APE Sociale 2019, domande entro marzo

Stesse scadenze per richiedere l’APE Sociale utilizzando la proroga 2019: per la richiesta all’INPS di Certificazione del diritto al trattamento, la data ultima è il 31 marzo. La normativa di riferimento è il decreto 4/2019, che con l’articolo 18 posticipa al 31 dicembre 2019 la scadenza per la sperimentazione dell’anticipo pensionistico a carico dello Stato.

Scadenze APE Sociale
– 31 marzo 2019: è la prima scadenza per presentare all’INPS la richiesta di certificazione del diritto all’APe sociale. Chi effettua la richiesta entro questo termine, riceverà dall’istituto di previdenza la risposta entro il 30 giugno 2019.
– 15 luglio 2019: è la seconda scadenza valida per la certificazione del diritto, con la differenza che in questo caso la risposta INPS arriva più tardi, ovvero entro il 15 luglio 2019.
– 30 novembre 2019: è l’ultima data utile, ma per chi presenta la domanda fra il 15 luglio e il 30 novembre non c’è la certezza dell’accesso al beneficio in presenza dei requisiti. L’INPS prenderà in considerazione queste domande solo se ci sono ancora risorse disponibili.

Domande APE Sociale
Le domande si presentano utilizzando gli stessi moduli del 2018, che si possono disponibili sul sito INPS. La prima istanza da inoltrare è dunque quella di certificazione del diritto; solo dopo averla ottenuta si potrà presentare la domanda vera e propria di accesso al beneficio

Come negli anni scorsi, chi ha già tutti i requisiti al momento della richiesta di certificazione, può presentare contestualmente anche la seconda domanda, quella di accesso all’APE Sociale.

Decorrenza APE Sociale
Il trattamento decorrerà dal primo giorno del mese successivo (previa cessazione del rapporto di lavoro). In ogni caso, la decorrenza non può essere anteriore al primo febbraio 2019.

Beneficiari
Precisazione importante: possono presentare domanda anche coloro che hanno perfezionato i requisiti negli anni precedenti, ma che non avevano richiesto l’APE sociale. Così come possono chiedere l’APE Sociale coloro che hanno già la certificazione del diritto (avendola ottenuta nel 2018) ma non hanno poi chiesto il trattamento. Tutte le altre regole (requisiti, documentazione) sono contenute nella circolare INPS 34/2018.

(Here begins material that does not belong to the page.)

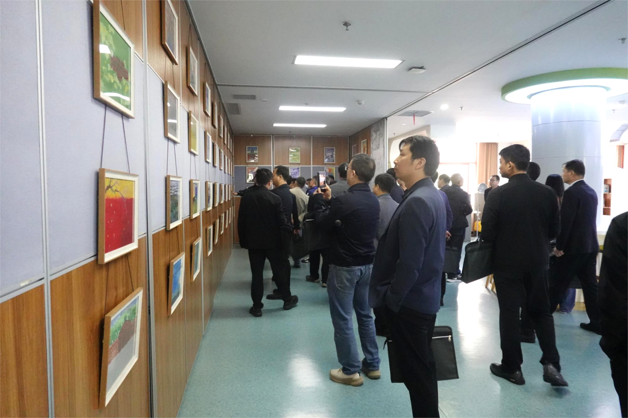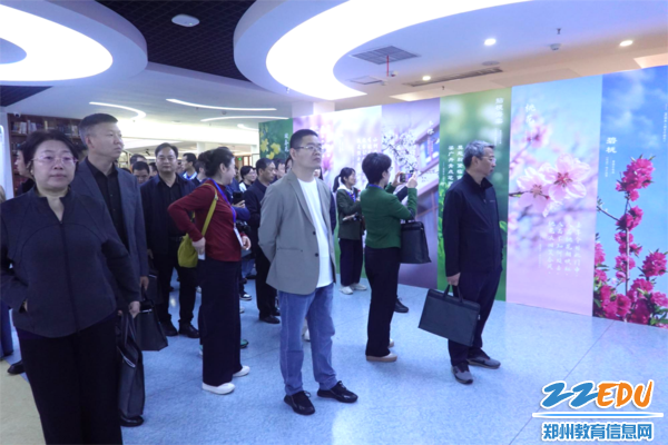 上午9点,研修班学员一行人首先走进平正楼图书馆,沉浸式感受校园文化氛围。一楼为师生书法绘画展,笔墨酣畅、意境悠远,尽显师生深厚的人文素养与艺术功底;二楼为“感春”系列主题展,包含“春花映师道”主题展、“行香子”诗词、数字诗等丰富内容,以校园春花、笔墨、诗韵融合校园风物与师道精神,意境雅致、意蕴深厚,全方位展现春日校园的生机与博雅文化底蕴;三楼为“画语心声”高二学生心理意象绘画展,同步展出师生优秀摄影作品,以艺术表达关照心灵成长,生动呈现学校以美育人、以心育心的教育实践。
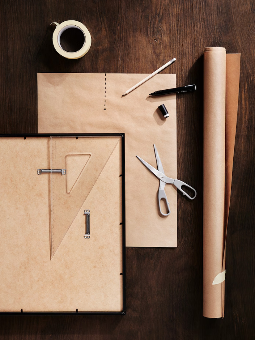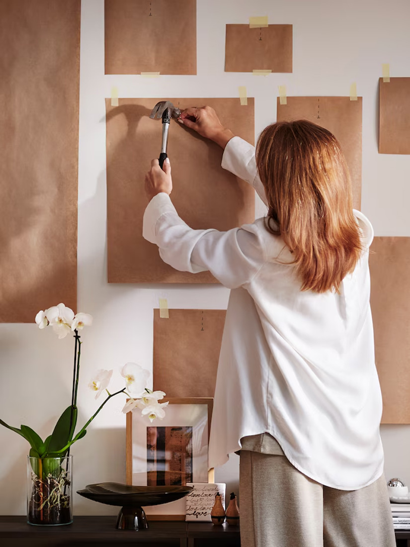 接下來,嘗試找到你喜歡的配置方式。可以先在地板上嘗試不同排列組合,這樣更容易調整。當你找到滿意的方案,再將剪下來的紙用膠帶貼到牆上,把掛鉤或釘子穿過上一步驟做出的標記處,安裝於牆面。

Ricordiamo brevemente i requisiti per il diritto all’APE Sociale: oltre ai 63 anni di età minima, bisogna ricadere in una delle seguenti quattro tipologie di lavoratori:

  1. Disoccupati per licenziamento o dimissioni per giusta causa o scadenza contratto a termine che abbiano terminato di utilizzare gli ammortizzatori sociali da almeno tre mesi. Se la disoccupazione è dovuta alla scadenza di un contratto a termine, ci vogliono almeno 18 mesi di lavoro dipendente nei tre anni precedenti. Requisito contributivo: 30 anni.
  2. Caregiver che assistono da almeno sei mesi coniuge o parenti di primo grado conviventi con handicap in situazione di gravità, oppure parenti e affini fino al secondo grado se i genitori o il coniuge del parente con handicap grave abbiamo almeno 70 anni o siano a loro volta in condizioni di disabilità. Ci vogliono 30 anni di contributi.
  3. Lavoratori con disabilità pari almeno al 74% e 30 anni di contributi.
  4. Addetti a mansioni gravose: devono appartenere a una delle 15 categorie esplicitamente previste dalla normativa, svolgere le attività gravose da almeno sei anni negli ultimi sette oppure sette anni negli ultimi dieci, e avere almeno 36 anni di contributi.

I requisiti sopra esposti devono essere posseduti, in via prospettica, entro il 31 dicembre 2019 (non nel momento di presentazione della domanda di certificazione del diritto). Ci sono alcuni requisiti che bisogna già avere nel momento in cui si presenta la prima domanda:
– Disoccupati: devono già aver finito di utilizzare la disoccupazione (non è però necessario che siano già trascorsi tre mesi).
– Caregiver: il richiedente deve già convivere da almeno sei mesi con il parente con handicap in situazione di gravità.
– Lavoratori con disabilità: deve essere già presente la condizione di disabilità nel momento di presentazione della domanda.
– Addetti a mansioni gravose: deve appartenere a una delle 15 categorie previste.

Possono essere maturati successivamente (ma entro il 31 dicembre 2019) gli altri requisiti: età anagrafica, contributi, anni di svolgimento delle attività gravose, tre mesi di disoccupazione.